Demand-Side Economics Definition, Examples of Policies

What Is Demand-Side Economics?

Keynesian economists believe that the primary factor driving economic activity and short-term fluctuations is the demand for goods and services. The theory is sometimes called demand-side economics.

This perspective is at odds with classical economic theory, or supply-side economics, which states that the production of goods or services, or supply, is of primary importance in economic growth.

Key Takeaways

  • Demand-side economics refer to the theory that the demand for goods and services drives economic activity.
  • A core characteristic of demand-side economics is aggregate demand.
  • Governments can generate demand for goods and services if people and businesses are unable to spend.
  • Economist John Maynard Keynes developed his economic theories during the Great Depression of the 1930s.
  • Keynes believed that a government should increase spending to spur subsequent spending by consumers and businesses in times of depressed economic activity.

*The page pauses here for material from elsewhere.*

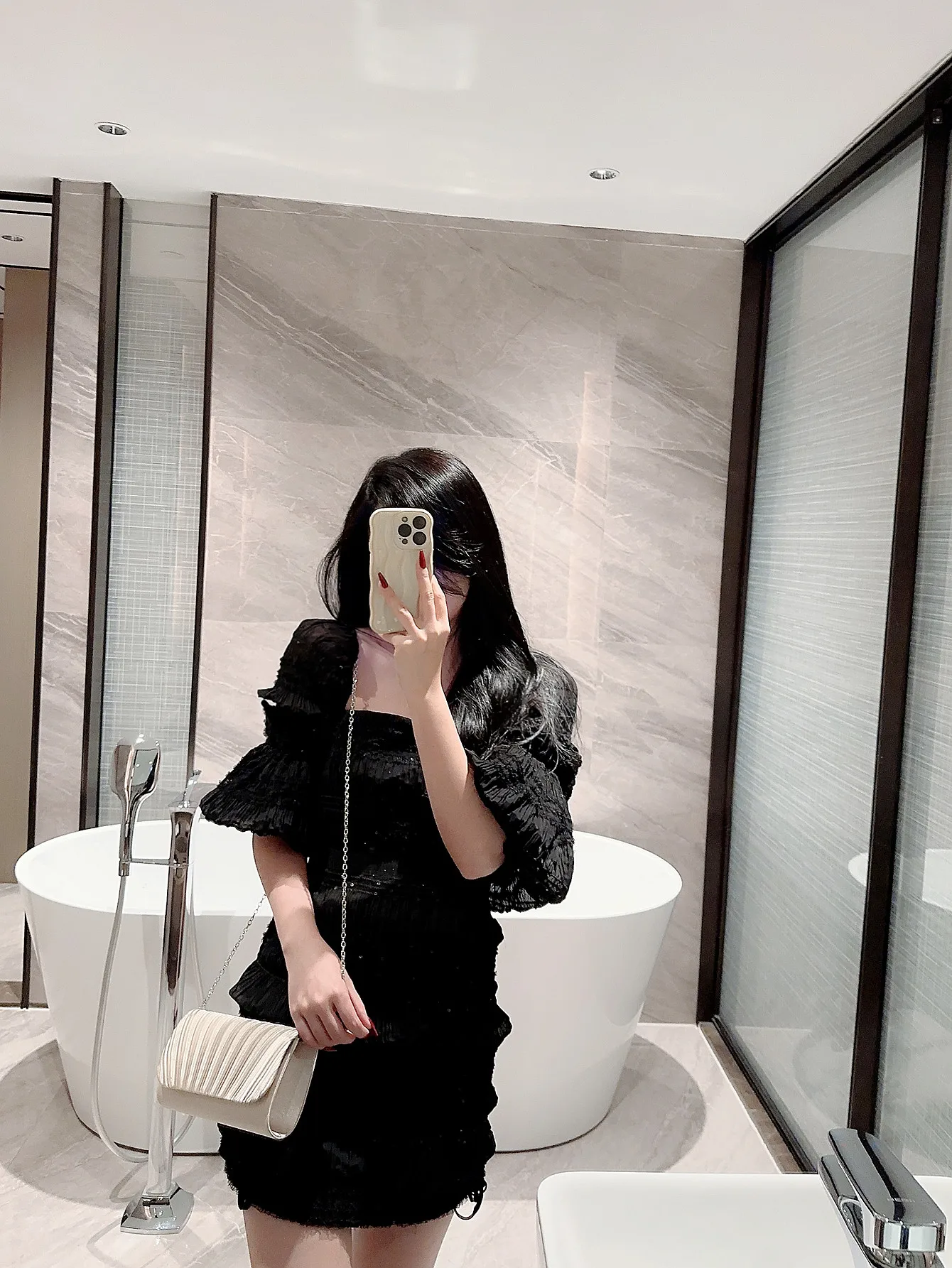 Eleve seu visual noturno com esta clutch elegante, o símbolo perfeito de um estilo refinado e pronto para a celebração.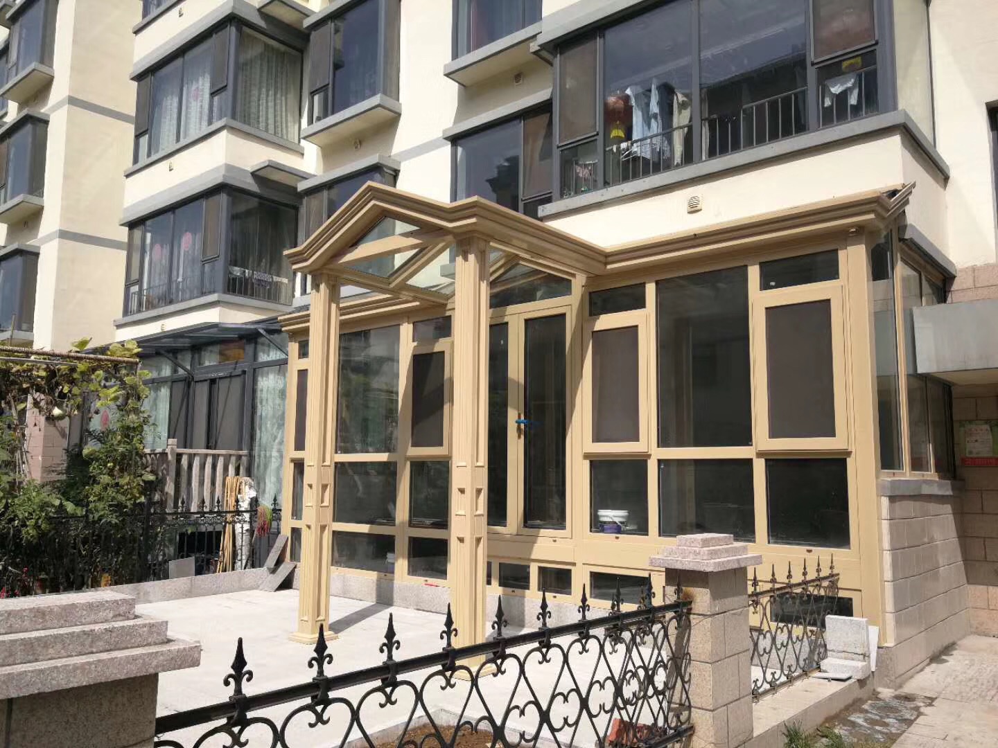 Canopy is a kind of building assembly which is set up on the top of the balcony or the entrance of the building to prevent rain, wind, and falling objects.

Understanding Demand-Side Economics

Keynes maintained that unemployment is the result of inadequate demand for goods. During the Great Depression, factories sat idle. Due to a lack of demand for products, factories had insufficient need for workers.

This lack of aggregate demand contributed to unemployment and, contrary to classical theories of economics, the economy was not able to self-correct and restore balance.

One of the core characteristics of Keynesian economics or demand-side economics is the emphasis on aggregate demand. Aggregate demand is composed of four elements: consumption of goods and services; investment by industry in capital goods; government spending on public goods and services; and net exports.

Under the demand-side model, Keynes advocated for government intervention to help overcome low aggregate demand in the short-term, such as during a recession or depression. This could reduce unemployment and stimulate economic growth.

John Maynard Keynes

Economist John Maynard Keynes developed his economic theories in part as a response to the Great Depression of the 1930s. Before the Great Depression, classical economics was the dominant theory. It held that through the market forces of supply and demand, economic equilibrium would be restored naturally over time.

However, Keynes believed that the Great Depression and its long-running, widespread unemployment defied classical economic theories. His theories tried to explain why the mechanisms of the free market were not restoring balance to the economy.

Keynes' book,The General Theory of Employment, Interest, and Money, was written in 1936 and reflected his experience as a witness to the Great Depression. In it, he rejects the aforementioned belief that an economy in a downturn would right itself. Instead, he believed that action by the government was called for. It should intervene with increased spending and lower taxes to stimulate consumption.

Types of Demand-Side Economic Policies

Government Spending

If the other components of aggregate demand are static, government spending can help. If people are less able or willing to consume, and businesses are less willing to hire workers and invest in building more factories, the government can step in. It can increase government spending to generate demand for goods and services.

Keynesian economics supports heavy government spending during a national recession to encourage economic activity. Putting more money in the pockets of the middle and lower classes has a greater benefit to the economy than saving or stockpiling the money in a wealthy person's account.

Increasing the Money Supply

Central banks can also achieve this goal by altering interest rates or selling or buying government-issued bonds. This type of intervention is part of what is known as monetary policy. These actions, such as changing interest rates, can be used to increase the total money supply in the economy or the velocity of money flowing through the economy.

Increasing the flow of money correspondingly increases the velocity of money, or the frequency at which $1 is used to buy domestically-produced goods and services. Increased velocity of money means more people are consuming goods and services and, thus, contributing to an increase in aggregate demand.

Example of Demand-Side Economic Policies

The financial crisis of 2008 sparked the use of demand-side economic policy by the U.S. government. The Obama administration lowered interest rates. It also cut taxes for the middle class. It put together a $787 billion stimulus package. What's more, the government intervened to overhaul the financial industry in a way not seen since the days of Franklin D. Roosevelt in the 1930s.

What Is Demand-Side Economics?

Demand-side economics is another name for Keynesian economic theory. It states that the demand for goods and services is the force behind healthy economic activity.

How Are Supply-Side and Demand-Side Economics Different?

Demand-side economics holds that demand for goods and services drives economic growth. Supply-side economics (also known as classical economic theory) states that the production of goods and services is the main force driving economic growth. Demand refers to spending on goods. Supply refers to the production of goods.

Who Was John Maynard Keynes?

John Maynard Keynes was an English economist who became known for his macroeconomic theory of demand-side economics in the 1930s. It became known as Keynesian economics. He pushed for the policies of increased government spending and decreased taxes that he believed would stimulate demand for products and services during the Great Depression.